The broadcast of the 2021 Grammy Awards, music’s biggest night, is quickly approaching. With superstar nominees like Beyonce, Taylor Swift, and Billie Eilish, many fans are asking the question, “How can I vote for the Grammy Awards?”
Fans have become more a part of award shows than ever. Some programs, such as the American Music Awards, are entirely fan-voted. So it make sense that fans want to support their favorites artists at the Grammys as well.
So how can you vote for the Grammy Awards? The short answer is: You can’t, unless you’ve released an album at some point. Only recording artists and others associated with the music business are allowed to vote for the Grammys.
Here’s an explanation of who can vote for the Grammy Awards.
Who Can Vote for the Grammy Awards?
Unlike fan-voted award shows like the AMAs, the Grammys are presented by the Recording Academy. Only Academy voters can vote for the awards.
According to grammy.com, voting members of the Academy are “professionals with creative or technical credits on six commercially released tracks (or their equivalent).”
This pretty much means that anyone who’s ever released a record can vote for the Grammy Awards. Producers, mixers, arrangers, songwriters, and other professionals are eligible as well. Record company executives, music video directors, authors of liner notes, and others who make a living in the music business may also have eligibility.
The Academy offers two non-voting membership options. Associate memberships are offered to writers, record label executives, managers, merchants, and other individuals involved in the music industry. Student memberships are offered to college students seeking a career in the music industry.
However, those with associate and student memberships in the Recording Academy cannot vote for the Grammy Awards. The minimum yearly fee for joining the Recording academy is $100.
Grammy voters have a lengthy code of conduct they must abide by to remain active.
How to Vote for the Grammys: The Actual Process
At the end of each eligibility year (usually at the end of September), record labels submit potential nominees to the Recording Academy, which verifies their eligibility, categorizes them by genre, and send out a huge ballot to the approximately 13,000 voting members of the Academy.
Voters aren’t allowed to vote in all 84 categories; they may vote in only 15 categories, plus the four General Field categories. That’s an attempt to prevent uninformed people from outside genres from influencing the results. You wouldn’t want a country artist voting for the Best Dance Album, for instance, since they probably don’t have expertise in that field and would be likely to simply choose the most famous name.

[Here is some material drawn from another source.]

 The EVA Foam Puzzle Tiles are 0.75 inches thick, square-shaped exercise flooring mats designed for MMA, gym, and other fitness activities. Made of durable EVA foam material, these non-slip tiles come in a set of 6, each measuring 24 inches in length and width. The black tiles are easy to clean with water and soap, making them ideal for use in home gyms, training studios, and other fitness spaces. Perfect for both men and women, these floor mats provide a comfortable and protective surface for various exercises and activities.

After the initial round of voting, things get complicated. In some fields (Pop, Alternative, Comedy, Reggae, Spoken Word, and a few others), the top 5 vote-getters from the first round of voting automatically become the five nominees.
In most fields, however, there are “Nominations Review Committees,” sometimes informally referred to as “quality control panels,” that meet in secret to listen to all the top vote-getters, and then they choose the best five from that group. The Country, Rock, Rap, R&B, and Dance fields are among those use these panels as a way to try to ensure quality.
Grammys Chief Awards Officer Bill Freimuth once told MTV how this process works: “Country music is one of the fields that has this; they have a nominations review committee that meets, made up of voting members of the Academy. They meet for two or three days and go through the top 15 selections from voting members, and they sit in the room and listen to all of them back to back, and they then vote via secret ballot to narrow those 15 down to five.”
This infographic from the Grammys explains it quite well.
What if Fans Could Vote for the Grammy Awards?
The Academy’s exclusive membership has no doubt contributed to the award show’s reputation for having a stuffy, less-than-edgy representation of popular music. The Grammys are criticized annually for not truly rewarding the year’s best music. But the exclusive nature of the club also makes the Grammy the most prestigious award in the industry.
If fans could vote for the Grammy Awards, the results would certainly be different. The winners would more closely resemble the winners of the American Music Awards, which are entirely fan-voted. But the Grammy would probably lose some of its luster.
The fact that fans cannot vote for the Grammys is part of the reason why the Grammy Awards are more unpredictable than other music award shows. These days, fan armies are so huge, that anytime a superstar like Taylor Swift or BTS is nominated, they’re pretty much guaranteed to win, because their social media fanbase will go all-out to submit millions of votes.
With the Grammys, only a few thousand Academy members have that honor, and they often resist the most commercially successful options. That does make the Grammy Awards harder to predict.
Grammy Voting Process: Summary
So that’s how the Grammy voting process works. Sorry, Ariana Grande fans, but you won’t be able to cast a vote for “Rain On Me.” Taylor Swift supporters, you’ll just have to hope the Academy likes Folklore as much as you do.
Fans can continue to vote for the American Music Awards and some MTV Awards, but when it comes to the Grammys, all of us non-musicians can be nothing more than spectators.